Ryuto Ugajin, Yoshiyuki Yokoo, Takahiro Sayama, Sheikh Hefzul Bari, Chris Leong
Received 10 October, 2025
Accepted 12 January, 2026
Published online 18 April, 2026
Ryuto Ugajin1), Yoshiyuki Yokoo2)3), Takahiro Sayama4), Sheikh Hefzul Bari1), Chris Leong5)
1) Graduate School of Symbiotic Systems Science, Fukushima University, Japan
2) Faculty of Symbiotic Systems Science, Fukushima University, Japan
3) Hydrogen Energy Research Institute, Fukushima University, Japan
4) Disaster Prevention Research Institute, Kyoto University, Japan
5) Linkage Project, Research Institute for Humanity and Nature, Japan
Growing flood severity demands numerical experiments on watershed-scale rainfall-runoff-inundation processes, to properly evaluate and develop effective practical measures. Hence, the Rainfall-Runoff-Inundation (RRI) model has been continuously developed to enhance simulation accuracy. Unfortunately, conventional RRI implementations often blur rivers and floodplains at the grid scale and do not distinguish left and right banks, limiting the spatial accuracy of inundated areas.
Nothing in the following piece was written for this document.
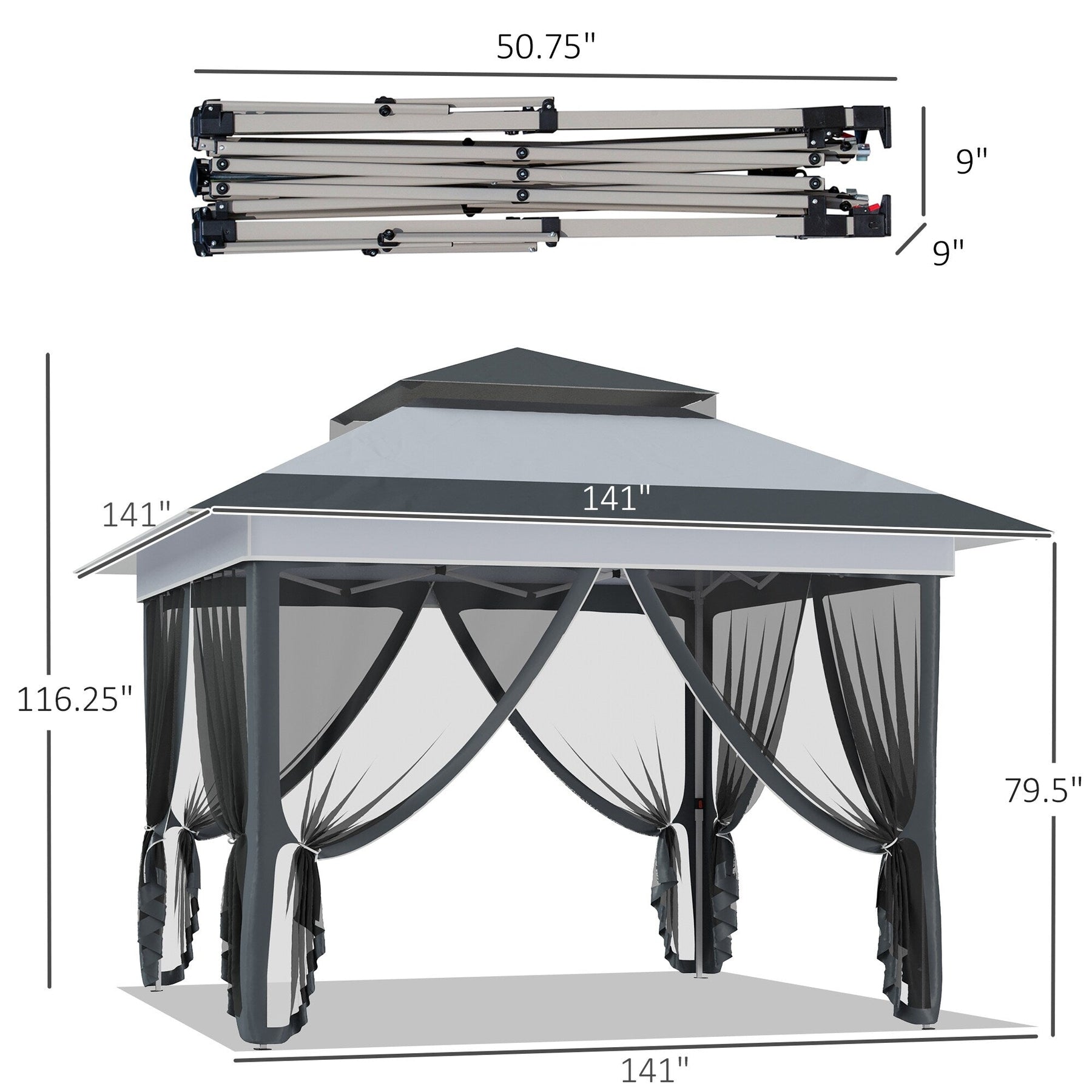 Outsunny 12' x 12' Pop Up Canopy Sun Shade Instant Tent Folding with Mesh Sidewall Netting, 3-Level Adjustable Height
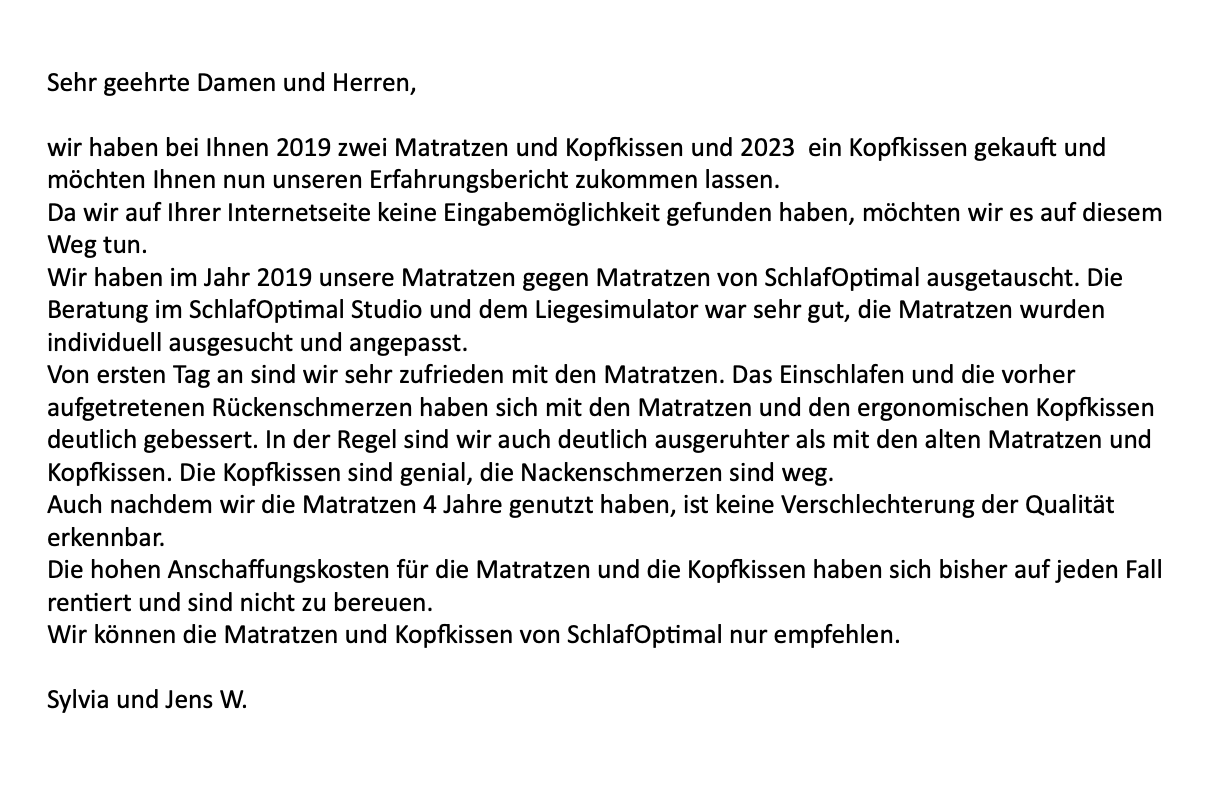 “"...ich bin mit der Bettausstattung von Schlaf Optimal außerordentlich zufrieden. ... Die Beratung und der Service war und ist überzeugend. ... Ich kann jedem dieses System von Schlaf Optimal sehr empfehlen. ..."”

Thus, we extend the RRI model to: (1) separate inundation calculations of the left and right banks, (2) allocate rainfall falling on river cells to the channel water balance, and (3) explicitly and spatially represent the river channel width exceeding the model resolution to improve the accuracy of estimating the spatial distribution and the depth of inundated areas as well as river discharge. The results show that explicitly representing the channel width improves the accuracy of simulated river discharge, inundation extent and relative spatial characteristics of depth. Consequently, our revised RRI model yields more realistic outputs than conventional flood control models.